Monday, 8 April 2019

SAP HANA, SAP Analytics Cloud, and Brexit: The Automation

In the last article we have discussed how we can easily get big data from the internet, convert it to the required format, massage it a bit, and report on it in SAP Analytics Cloud via SAP HANA which worked pretty well but lacked any sort of proper automation.

In this article we will create an automated flow which can be used to acquire data from the same Petitions website, convert it to the required format and load it to our SAP HANA system which in turn is connected “Live” to SAP Analytics Cloud.
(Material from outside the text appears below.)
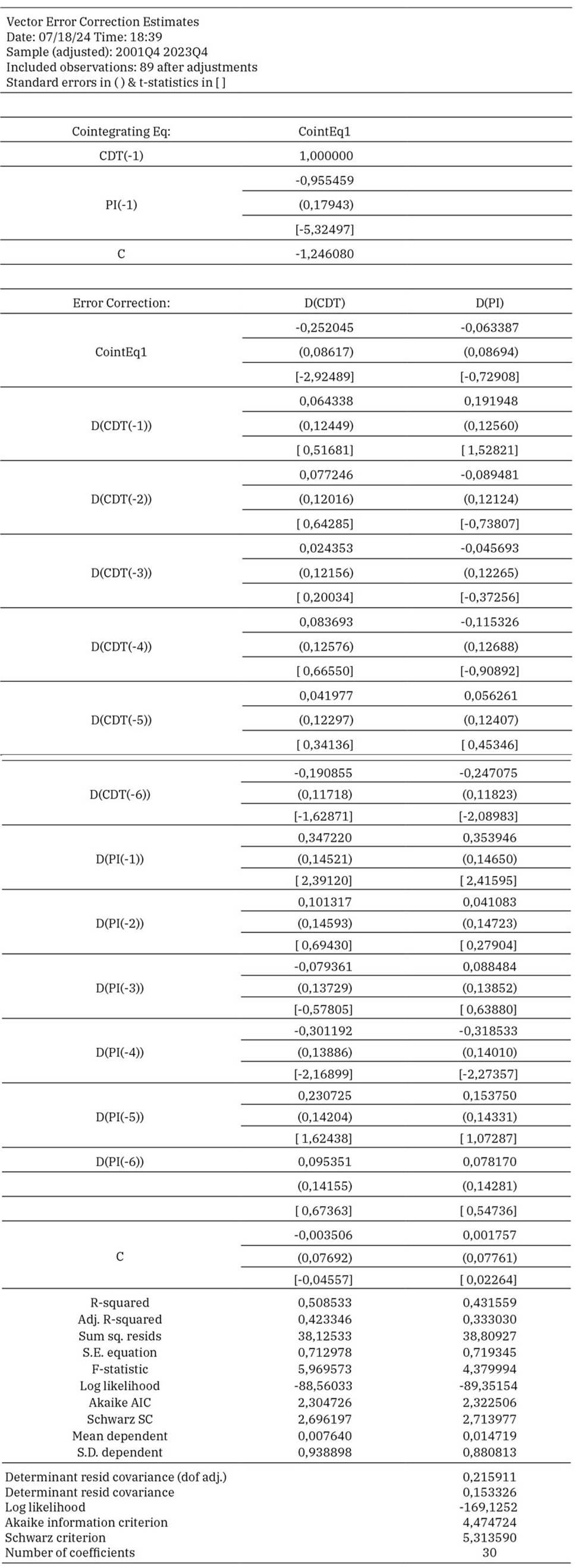 Donde 0,252 representa la velocidad de ajuste, que es estadísticamente significativa. Un valor más cercano a cero indica que el equilibrio a largo plazo se alcanza más rápidamente. A su vez, como se mencionó anteriormente, los residuales del modelo VEC estimado, como resultado, tienen un orden de integración cero en el largo plazo , indicador de que la relación de cointegración no tiene raíz unitaria, lo que implica que las series están cointegradas a largo plazo. Por lo tanto, la ecuación (5) se considera una especificación adecuada para evaluar si el efecto Fisher sigue siendo válido, y determinar si su impacto es completo, parcial o inexistente en la economía colombiana.

Therefore, the reported data in SAP Analytics Cloud would be as recent as possible, depending on our data acquisition flow settings.

In line with my concept of always learning something new this article will be focused on automating data flows with SAP Data Hub 2.4 pipelines. I will be using the developers edition of SAP Data Hub 2.4 which is delivered as the Docker image, which yet again makes our life so much easier. Since then I moved on and instead of using Ubuntu as a host OS for Docker I started using extremely lightweight Alpine Linux distribution for all my Docker containers. I find that for containerisation the golden rule is “the lighter your host OS – the better”, which makes Alpine a perfect choice and all SAP containers work fine in it (so far, even though it’s not officially supported for HXE or Data Hub containers).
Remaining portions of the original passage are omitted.